Jetta and Ben disappeared from the dancefloor almost two hours from closing and did not resurface. Mahdi mixed what felt like a hundred Sunrisers and gave none of them to his favourite customer. It served him right, maybe, for entertaining the flirtation of a woman he had no interest in. But he hadn't thought Ben had it in him to make him pay quite this badly.
Closing time arrived and Mahdi did not feel his usual crashing relief. The club emptied out and there was still no sign of Ben nor Jetta. They had gone home together, presumably. Never mind that Mahdi had assumed Ben was only interested in women as far as dance partners went. Never kriffing mind. It was all his own fault.
Mahdi washed the glasses and wiped down the benchtops and sealed up all the bottles and containers of garnishes. This was his longest shift of the week, his turn to do all the final closing checks. The sun would have risen outside. He was accompanied only by the humming of his solitary cleaning droid, working to mop the spilled drinks and hells knew what else from the floor. He always saved the least pleasant task for last. A-LT would clean the bathrooms for him – thank the stars – but it was Mahdi who had the joy of clearing the droid's path by dragging out whoever had chosen to pass out on the floor this week.
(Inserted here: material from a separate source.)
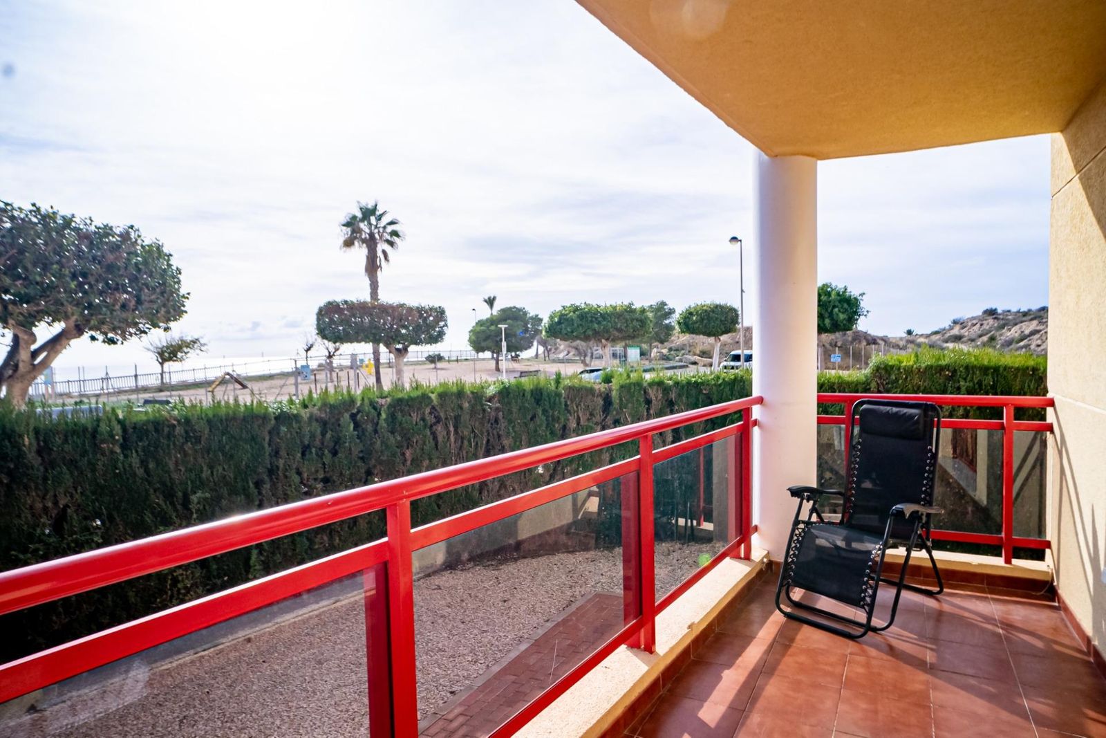 This corner ground-floor apartment is located in a quiet area of Villajoyosa. The property features one bedroom, one bathroom, a kitchen with a utility area, and a living/dining room with access to a balcony offering sea views.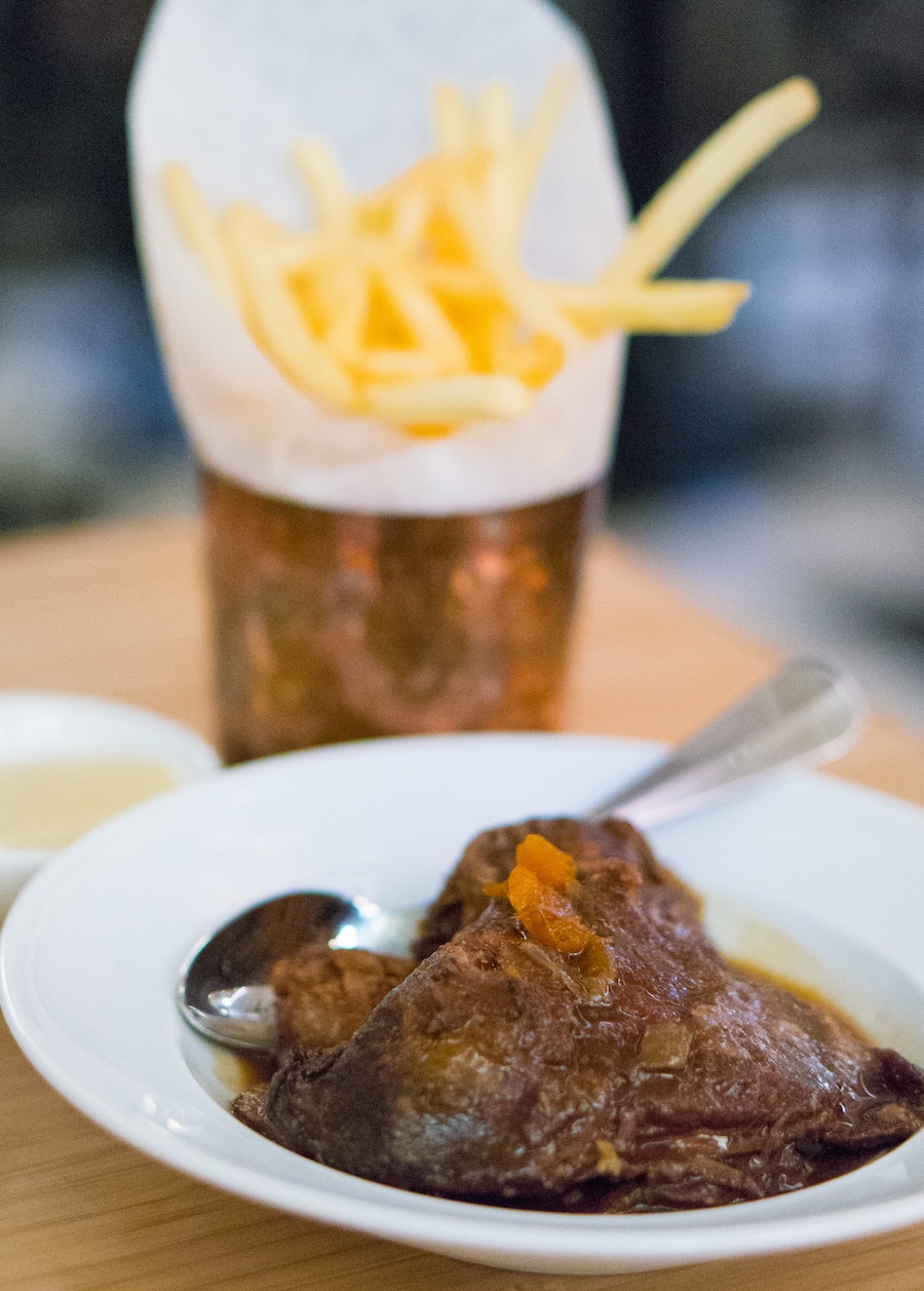 Na al die lekkere verschillende smaken en texturen gaan we voor comfort food op z’n Frans. Dus de gestoofde kalfswangen en Franse frietjes met mosterdmayonaise. De kalfswangen zijn heerlijk zacht van smaak en de saus doet haast aan als een lichte bolognese.

He shouldered open the door and his breath caught; frozen on the spot, the door nearly struck him as it swung closed. Ben, sitting on the floor with Jetta's sleeping head in his lap, greeted him with a smile.
"Stars, am I glad to see you, Mahdi. It's morning-time?"
"Yeah. Closing."
There was a large patch of drool on Korkie's trousers from Jetta's open mouth.
"She's fine," Ben assured him. "Don't worry."
"She looks like shit."
Ben nodded his agreement.
"She was very, very up and now she's very, very down," he recounted lightly. "But breathing just fine. I figured I'd stick around and make sure no one abducted her."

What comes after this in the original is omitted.